++++ Supplied data ++++

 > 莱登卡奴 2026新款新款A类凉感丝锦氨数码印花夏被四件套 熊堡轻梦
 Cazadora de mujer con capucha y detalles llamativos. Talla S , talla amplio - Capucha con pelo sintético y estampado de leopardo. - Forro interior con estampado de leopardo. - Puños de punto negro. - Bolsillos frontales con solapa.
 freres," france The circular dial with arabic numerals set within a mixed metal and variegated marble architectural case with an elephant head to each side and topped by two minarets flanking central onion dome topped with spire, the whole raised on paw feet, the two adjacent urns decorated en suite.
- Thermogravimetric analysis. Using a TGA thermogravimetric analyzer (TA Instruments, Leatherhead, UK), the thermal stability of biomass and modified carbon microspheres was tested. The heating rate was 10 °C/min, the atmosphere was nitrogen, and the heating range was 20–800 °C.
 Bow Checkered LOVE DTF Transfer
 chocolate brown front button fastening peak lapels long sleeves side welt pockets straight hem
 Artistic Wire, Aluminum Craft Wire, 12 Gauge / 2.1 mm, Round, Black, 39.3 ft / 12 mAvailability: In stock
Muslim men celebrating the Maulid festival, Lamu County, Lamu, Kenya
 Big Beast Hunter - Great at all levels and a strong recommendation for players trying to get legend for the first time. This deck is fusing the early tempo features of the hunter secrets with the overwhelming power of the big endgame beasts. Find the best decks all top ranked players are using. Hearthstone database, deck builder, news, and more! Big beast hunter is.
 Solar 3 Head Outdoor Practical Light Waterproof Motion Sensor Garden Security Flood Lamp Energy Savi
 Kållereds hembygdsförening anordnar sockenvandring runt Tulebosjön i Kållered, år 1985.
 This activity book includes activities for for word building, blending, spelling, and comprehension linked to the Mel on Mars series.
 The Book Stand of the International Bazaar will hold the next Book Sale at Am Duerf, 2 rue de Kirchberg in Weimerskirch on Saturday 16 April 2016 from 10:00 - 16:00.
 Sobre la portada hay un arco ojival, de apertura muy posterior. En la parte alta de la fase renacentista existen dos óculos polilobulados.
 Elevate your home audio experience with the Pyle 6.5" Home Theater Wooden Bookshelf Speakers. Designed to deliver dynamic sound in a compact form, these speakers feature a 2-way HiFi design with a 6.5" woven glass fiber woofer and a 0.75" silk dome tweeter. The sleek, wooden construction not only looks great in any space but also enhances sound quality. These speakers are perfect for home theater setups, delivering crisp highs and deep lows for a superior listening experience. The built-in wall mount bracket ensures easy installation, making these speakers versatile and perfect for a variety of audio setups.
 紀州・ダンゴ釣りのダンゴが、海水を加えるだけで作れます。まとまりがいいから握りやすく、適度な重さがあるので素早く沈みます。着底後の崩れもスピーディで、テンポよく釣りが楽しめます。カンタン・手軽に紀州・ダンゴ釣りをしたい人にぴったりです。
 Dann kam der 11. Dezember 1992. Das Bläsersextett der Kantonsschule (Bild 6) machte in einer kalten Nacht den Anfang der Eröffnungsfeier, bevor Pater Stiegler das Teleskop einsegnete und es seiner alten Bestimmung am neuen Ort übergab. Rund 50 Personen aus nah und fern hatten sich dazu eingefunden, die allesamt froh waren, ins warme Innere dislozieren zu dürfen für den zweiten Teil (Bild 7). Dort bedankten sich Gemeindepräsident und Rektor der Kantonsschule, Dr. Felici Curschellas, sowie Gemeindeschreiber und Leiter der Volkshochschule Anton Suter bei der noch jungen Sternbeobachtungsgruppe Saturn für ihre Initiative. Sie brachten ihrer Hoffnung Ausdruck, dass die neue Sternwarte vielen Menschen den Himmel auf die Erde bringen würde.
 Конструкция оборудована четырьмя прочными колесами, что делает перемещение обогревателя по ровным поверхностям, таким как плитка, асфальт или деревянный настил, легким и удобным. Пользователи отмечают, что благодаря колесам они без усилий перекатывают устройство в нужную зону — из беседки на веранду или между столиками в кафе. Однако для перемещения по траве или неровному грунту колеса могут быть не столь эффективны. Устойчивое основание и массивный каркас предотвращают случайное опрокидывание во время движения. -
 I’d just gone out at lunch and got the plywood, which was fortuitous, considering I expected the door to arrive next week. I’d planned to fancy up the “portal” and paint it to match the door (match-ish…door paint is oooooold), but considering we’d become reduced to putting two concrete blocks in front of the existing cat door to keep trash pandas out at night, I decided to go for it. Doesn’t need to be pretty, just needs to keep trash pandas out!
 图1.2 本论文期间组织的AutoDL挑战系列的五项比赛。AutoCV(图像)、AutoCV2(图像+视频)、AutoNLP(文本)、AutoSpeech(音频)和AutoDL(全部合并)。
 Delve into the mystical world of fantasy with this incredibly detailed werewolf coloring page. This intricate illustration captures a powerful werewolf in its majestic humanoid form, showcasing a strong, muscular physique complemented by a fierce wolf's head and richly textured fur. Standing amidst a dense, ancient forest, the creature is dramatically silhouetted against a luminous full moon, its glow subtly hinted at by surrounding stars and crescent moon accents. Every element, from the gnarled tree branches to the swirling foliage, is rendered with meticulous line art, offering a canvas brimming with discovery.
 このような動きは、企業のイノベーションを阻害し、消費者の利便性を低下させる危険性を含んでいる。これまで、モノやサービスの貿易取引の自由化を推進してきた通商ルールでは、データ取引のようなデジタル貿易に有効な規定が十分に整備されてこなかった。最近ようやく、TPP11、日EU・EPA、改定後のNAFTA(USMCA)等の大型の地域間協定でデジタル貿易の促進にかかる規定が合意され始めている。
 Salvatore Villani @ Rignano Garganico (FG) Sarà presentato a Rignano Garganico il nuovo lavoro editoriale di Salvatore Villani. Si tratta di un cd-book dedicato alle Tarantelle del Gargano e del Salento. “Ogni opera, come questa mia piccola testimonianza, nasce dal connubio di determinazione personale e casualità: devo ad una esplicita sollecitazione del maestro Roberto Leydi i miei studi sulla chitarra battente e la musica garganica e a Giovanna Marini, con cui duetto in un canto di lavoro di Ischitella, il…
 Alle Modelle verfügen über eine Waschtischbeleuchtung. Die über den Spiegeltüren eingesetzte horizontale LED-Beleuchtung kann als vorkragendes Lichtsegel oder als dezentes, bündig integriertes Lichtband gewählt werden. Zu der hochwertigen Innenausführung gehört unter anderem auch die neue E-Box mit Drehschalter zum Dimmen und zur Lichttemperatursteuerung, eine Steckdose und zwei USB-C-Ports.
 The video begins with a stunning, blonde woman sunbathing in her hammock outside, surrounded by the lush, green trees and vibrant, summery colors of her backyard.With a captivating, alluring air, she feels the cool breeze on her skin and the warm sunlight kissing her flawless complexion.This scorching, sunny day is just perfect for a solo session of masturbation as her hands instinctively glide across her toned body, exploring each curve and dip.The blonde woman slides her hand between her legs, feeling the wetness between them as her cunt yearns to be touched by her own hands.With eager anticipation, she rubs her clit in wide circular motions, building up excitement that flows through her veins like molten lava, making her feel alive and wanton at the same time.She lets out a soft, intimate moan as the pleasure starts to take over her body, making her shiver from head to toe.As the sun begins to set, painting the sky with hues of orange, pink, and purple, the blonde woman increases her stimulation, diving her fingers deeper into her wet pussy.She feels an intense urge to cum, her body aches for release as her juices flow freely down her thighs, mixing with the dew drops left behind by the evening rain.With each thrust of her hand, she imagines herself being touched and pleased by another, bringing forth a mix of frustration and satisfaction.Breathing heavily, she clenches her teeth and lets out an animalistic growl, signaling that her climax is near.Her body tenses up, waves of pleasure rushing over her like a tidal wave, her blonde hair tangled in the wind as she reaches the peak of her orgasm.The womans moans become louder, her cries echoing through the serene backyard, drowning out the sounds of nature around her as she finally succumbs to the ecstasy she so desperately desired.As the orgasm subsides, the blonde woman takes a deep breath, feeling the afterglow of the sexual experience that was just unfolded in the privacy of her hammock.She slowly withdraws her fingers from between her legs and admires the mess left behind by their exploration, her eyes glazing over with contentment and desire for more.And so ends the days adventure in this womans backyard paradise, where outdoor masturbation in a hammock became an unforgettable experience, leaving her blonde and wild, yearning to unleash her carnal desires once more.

++++

Work item:
Look over the records above, and wherever a line contains the string "next", copy that line.

Exercise result:
 The Book Stand of the International Bazaar will hold the next Book Sale at Am Duerf, 2 rue de Kirchberg in Weimerskirch on Saturday 16 April 2016 from 10:00 - 16:00.
 I’d just gone out at lunch and got the plywood, which was fortuitous, considering I expected the door to arrive next week. I’d planned to fancy up the “portal” and paint it to match the door (match-ish…door paint is oooooold), but considering we’d become reduced to putting two concrete blocks in front of the existing cat door to keep trash pandas out at night, I decided to go for it. Doesn’t need to be pretty, just needs to keep trash pandas out!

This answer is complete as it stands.